Chicagoan Indicted in $12 Million Ponzi Scheme

David J. Hernandez
The indictment alleges that David J. Hernandez, 48, fraudulently induced some 290 victims to invest approximately $12 million through his business, NextStep Financial Services, Inc., and several related companies. Hernandez was charged with four counts of mail fraud in an indictment that was returned late yesterday and announced today.
In addition to the mail fraud counts, the indictment also seeks forfeiture of approximately $3.5 million and two luxury automobiles: a 2009 Audi and a 2007 Mercedes Benz ML350.
According to the indictment, between July 2007 and June 12, 2009, Hernandez defrauded prospective investors and investors in a NextStep Financial Services product described as a “Guaranteed Investment Contract.” He made false representations and promises regarding the risk of investing with NextStep, the manner in which the victims’ funds would be used, the returns that NextStep generated, and his background, it alleges.
Hernandez allegedly falsely promised investors monthly returns of 10 to 16 percent, with no risk of loss to their principal, through investing their funds in Check ‘n Go stores, which offered short-term “payday advance” loans, and which Hernandez claimed were owned or financed by NextStep. In fact, as Hernandez allegedly knew, no NextStep investor funds were used to purchase or finance the operation of Check ‘n Go stores.

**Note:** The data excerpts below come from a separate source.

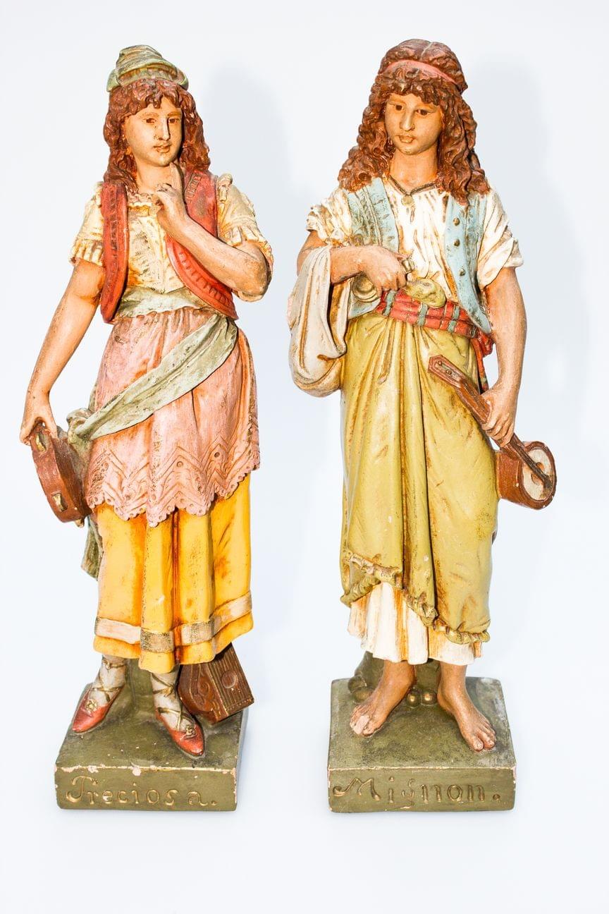 Paire de statuettes, plâtre peint, Allemagne ou Autriche circa 1900, H 38 cm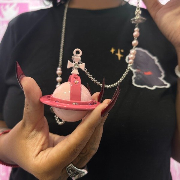 Hecho con aleación de zinc resistente, con un acabado de pedrería. Cadena Acero Inoxidable. Mini orbes de Acero Inoxidable.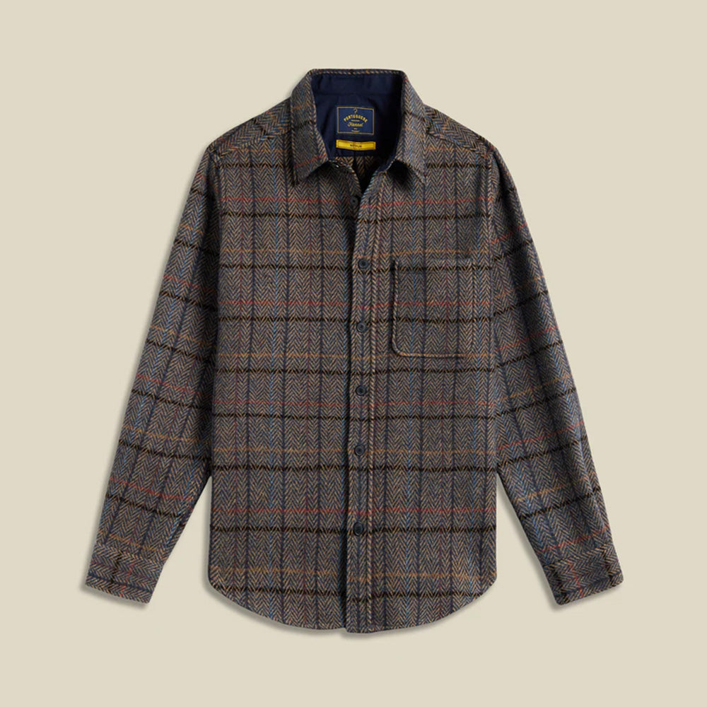 The 'Type' Shirt by Portuguese Flannel in Brown Herringbone is crafted from 100% wool and made in Portugal. It features recycled polyester buttons combining sustainability with quality craftsmanship. Ideal for adding a natural, textured touch to your wardrobe.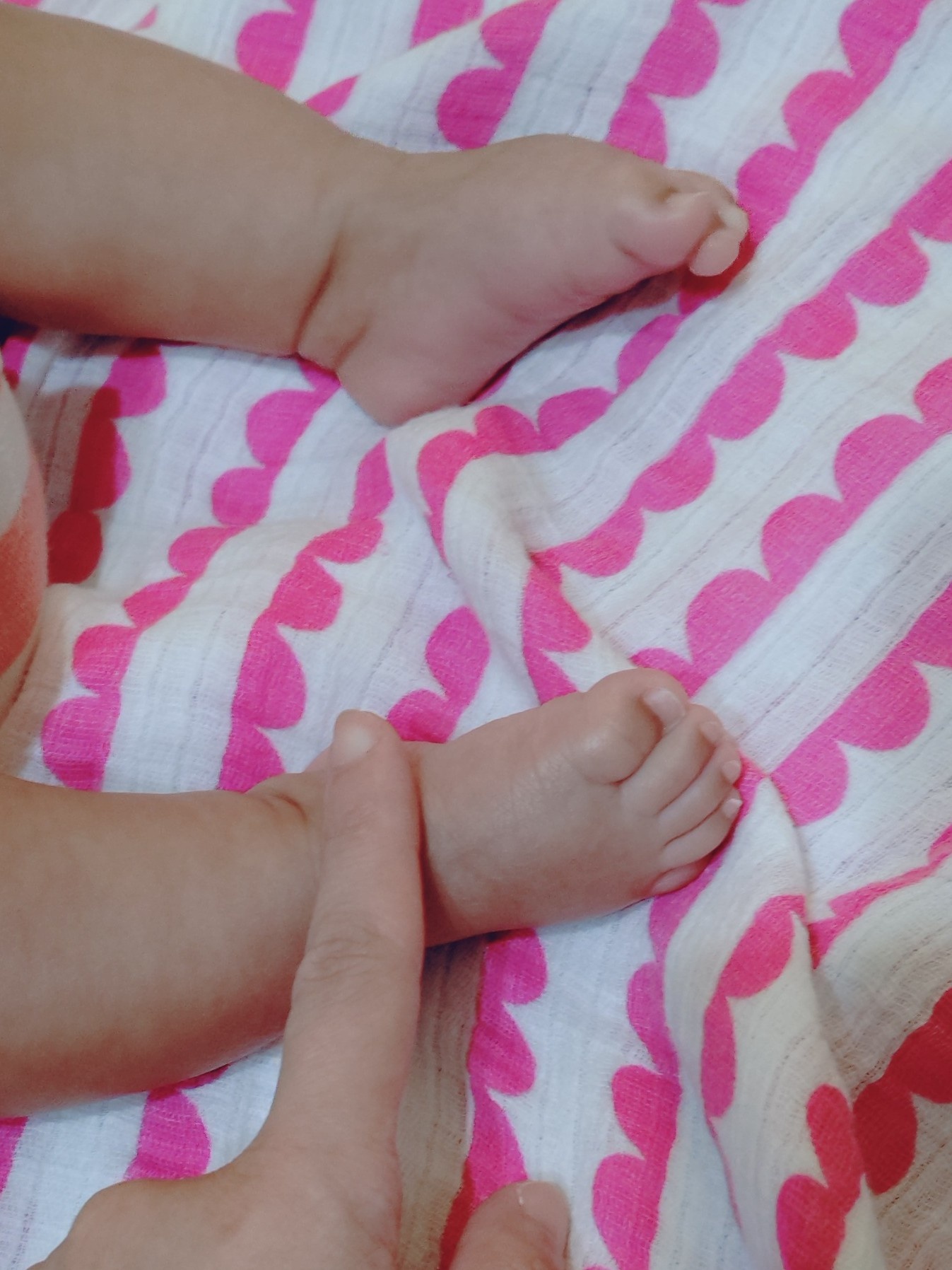 : 他現在好像才…(數)不到四個月,因為是早產寶寶如果以足月算的話還不滿兩個月,顧起來正累的時期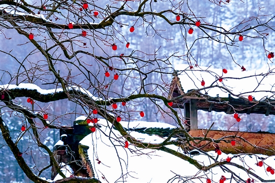 12月17日,雪后初霁,在卢氏县双槐树乡北川村,红彤彤的柿子挂满枝头,把山村农家装扮得美不胜收,呈现出一幅人与自然和谐相生、清新怡人的美丽冬日画卷。 李东阳 摄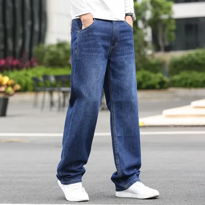 Men's Premium Loose Fit Baggy Jeans - Wide Leg Denim Pants - Classic Indigo Blue

Hernandez also fraudulently represented to investors that their principal was protected through insurance that NextStep obtained from various insurance companies, the indictment alleges, when he knew, in fact, that victims’ investments were not insured in any manner. And, knowing that victims’ funds were not earning any interest whatsoever, Hernandez allegedly converted the investors’ funds to his own benefit and used their money to make Ponzi-style “interest” payments to other NextStep investors.
The indictment further alleges that Hernandez lied to investors about his background and experience, including falsely representing that he had a law degree and a master’s degree in business administration, and that he had 26 years of experience in the financial industry, while failing to disclose pertinent material information about his personal background.
If convicted, each count of mail fraud carries maximum penalty of 20 years in prison and a $250,000 fine, or the Court may impose an alternative maximum fine totaling twice the loss or twice the gain, whichever is greater. The Court, however, would determine the appropriate sentence to be imposed under the advisory United States Sentencing Guidelines.